_The problem_.
From the data below, return the exact lines starting at the line containing "A Pró-Reitoria de" and ending at the line containing "Bengkulu — Dua", both included, and nothing else.

(Records from a data collection)
⟨

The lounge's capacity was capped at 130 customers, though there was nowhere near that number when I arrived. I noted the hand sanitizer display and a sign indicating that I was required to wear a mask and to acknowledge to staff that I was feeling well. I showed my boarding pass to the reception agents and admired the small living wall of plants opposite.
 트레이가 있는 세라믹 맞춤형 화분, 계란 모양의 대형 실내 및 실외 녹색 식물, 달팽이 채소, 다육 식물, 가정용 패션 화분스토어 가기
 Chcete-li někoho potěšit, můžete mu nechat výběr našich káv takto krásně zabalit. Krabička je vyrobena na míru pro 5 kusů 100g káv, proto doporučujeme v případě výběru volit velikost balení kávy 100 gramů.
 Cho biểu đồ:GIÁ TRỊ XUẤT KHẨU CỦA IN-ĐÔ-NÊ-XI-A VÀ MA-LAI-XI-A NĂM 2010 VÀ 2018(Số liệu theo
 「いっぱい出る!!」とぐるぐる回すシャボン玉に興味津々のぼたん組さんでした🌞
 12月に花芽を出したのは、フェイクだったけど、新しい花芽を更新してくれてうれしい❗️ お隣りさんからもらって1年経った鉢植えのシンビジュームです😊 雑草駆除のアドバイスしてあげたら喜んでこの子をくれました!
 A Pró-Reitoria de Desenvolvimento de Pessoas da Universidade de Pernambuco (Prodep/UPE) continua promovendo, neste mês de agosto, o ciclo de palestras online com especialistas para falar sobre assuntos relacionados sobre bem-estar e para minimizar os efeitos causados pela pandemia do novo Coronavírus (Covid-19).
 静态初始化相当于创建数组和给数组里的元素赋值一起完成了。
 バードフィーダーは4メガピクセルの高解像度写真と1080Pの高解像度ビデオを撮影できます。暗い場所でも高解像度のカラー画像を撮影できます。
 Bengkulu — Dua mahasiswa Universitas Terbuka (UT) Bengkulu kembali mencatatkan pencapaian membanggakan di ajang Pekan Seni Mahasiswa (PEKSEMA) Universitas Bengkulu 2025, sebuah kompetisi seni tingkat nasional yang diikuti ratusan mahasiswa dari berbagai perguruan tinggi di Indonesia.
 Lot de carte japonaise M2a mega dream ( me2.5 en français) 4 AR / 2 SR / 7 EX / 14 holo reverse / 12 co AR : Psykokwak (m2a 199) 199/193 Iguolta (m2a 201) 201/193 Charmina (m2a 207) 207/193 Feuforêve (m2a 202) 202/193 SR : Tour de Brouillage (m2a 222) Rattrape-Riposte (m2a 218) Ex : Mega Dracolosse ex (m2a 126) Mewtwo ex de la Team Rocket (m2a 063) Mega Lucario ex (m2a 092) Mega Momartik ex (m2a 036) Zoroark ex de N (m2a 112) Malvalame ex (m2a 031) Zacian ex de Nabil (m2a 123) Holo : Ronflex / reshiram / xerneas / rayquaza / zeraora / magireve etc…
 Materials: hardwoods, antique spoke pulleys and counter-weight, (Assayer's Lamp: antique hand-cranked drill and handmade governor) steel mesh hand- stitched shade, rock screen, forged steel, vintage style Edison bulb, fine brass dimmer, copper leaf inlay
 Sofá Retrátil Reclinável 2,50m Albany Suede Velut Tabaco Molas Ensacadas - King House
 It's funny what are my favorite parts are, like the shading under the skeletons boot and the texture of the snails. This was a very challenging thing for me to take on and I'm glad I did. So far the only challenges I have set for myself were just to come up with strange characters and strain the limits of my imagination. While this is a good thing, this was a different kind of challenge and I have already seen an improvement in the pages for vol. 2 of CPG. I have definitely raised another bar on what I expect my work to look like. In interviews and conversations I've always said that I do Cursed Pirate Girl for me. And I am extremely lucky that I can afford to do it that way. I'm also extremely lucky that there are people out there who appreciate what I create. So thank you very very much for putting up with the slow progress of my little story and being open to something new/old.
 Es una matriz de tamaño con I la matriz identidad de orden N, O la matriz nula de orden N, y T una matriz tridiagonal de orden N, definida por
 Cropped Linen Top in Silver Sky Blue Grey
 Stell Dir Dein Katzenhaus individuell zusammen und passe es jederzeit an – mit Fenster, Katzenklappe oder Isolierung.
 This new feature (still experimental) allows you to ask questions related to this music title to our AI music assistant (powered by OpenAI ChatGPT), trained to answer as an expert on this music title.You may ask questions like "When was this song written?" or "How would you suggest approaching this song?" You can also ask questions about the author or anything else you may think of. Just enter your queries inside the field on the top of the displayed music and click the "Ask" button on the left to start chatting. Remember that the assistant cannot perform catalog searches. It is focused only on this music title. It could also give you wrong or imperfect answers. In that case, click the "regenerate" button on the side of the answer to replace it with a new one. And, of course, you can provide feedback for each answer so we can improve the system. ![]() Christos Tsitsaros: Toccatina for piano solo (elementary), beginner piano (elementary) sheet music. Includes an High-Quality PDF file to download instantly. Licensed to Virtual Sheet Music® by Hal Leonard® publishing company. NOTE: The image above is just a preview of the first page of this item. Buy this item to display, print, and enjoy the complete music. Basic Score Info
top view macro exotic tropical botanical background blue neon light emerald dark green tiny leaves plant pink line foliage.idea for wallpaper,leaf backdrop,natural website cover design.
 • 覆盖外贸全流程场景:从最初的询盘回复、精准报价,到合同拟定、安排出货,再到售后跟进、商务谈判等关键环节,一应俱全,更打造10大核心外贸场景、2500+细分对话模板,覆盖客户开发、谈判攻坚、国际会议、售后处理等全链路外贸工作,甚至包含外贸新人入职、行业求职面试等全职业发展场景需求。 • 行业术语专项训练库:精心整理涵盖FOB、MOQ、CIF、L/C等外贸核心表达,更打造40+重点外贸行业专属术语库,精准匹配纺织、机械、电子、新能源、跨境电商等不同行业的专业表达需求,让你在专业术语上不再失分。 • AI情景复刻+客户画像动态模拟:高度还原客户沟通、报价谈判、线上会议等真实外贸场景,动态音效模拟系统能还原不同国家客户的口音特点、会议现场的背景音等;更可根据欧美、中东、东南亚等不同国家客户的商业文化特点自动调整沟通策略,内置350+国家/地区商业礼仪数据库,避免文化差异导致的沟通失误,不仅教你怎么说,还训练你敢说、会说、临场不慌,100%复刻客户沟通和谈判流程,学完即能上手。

⟩

_Result_.
 A Pró-Reitoria de Desenvolvimento de Pessoas da Universidade de Pernambuco (Prodep/UPE) continua promovendo, neste mês de agosto, o ciclo de palestras online com especialistas para falar sobre assuntos relacionados sobre bem-estar e para minimizar os efeitos causados pela pandemia do novo Coronavírus (Covid-19).
 静态初始化相当于创建数组和给数组里的元素赋值一起完成了。
 バードフィーダーは4メガピクセルの高解像度写真と1080Pの高解像度ビデオを撮影できます。暗い場所でも高解像度のカラー画像を撮影できます。
 Bengkulu — Dua mahasiswa Universitas Terbuka (UT) Bengkulu kembali mencatatkan pencapaian membanggakan di ajang Pekan Seni Mahasiswa (PEKSEMA) Universitas Bengkulu 2025, sebuah kompetisi seni tingkat nasional yang diikuti ratusan mahasiswa dari berbagai perguruan tinggi di Indonesia.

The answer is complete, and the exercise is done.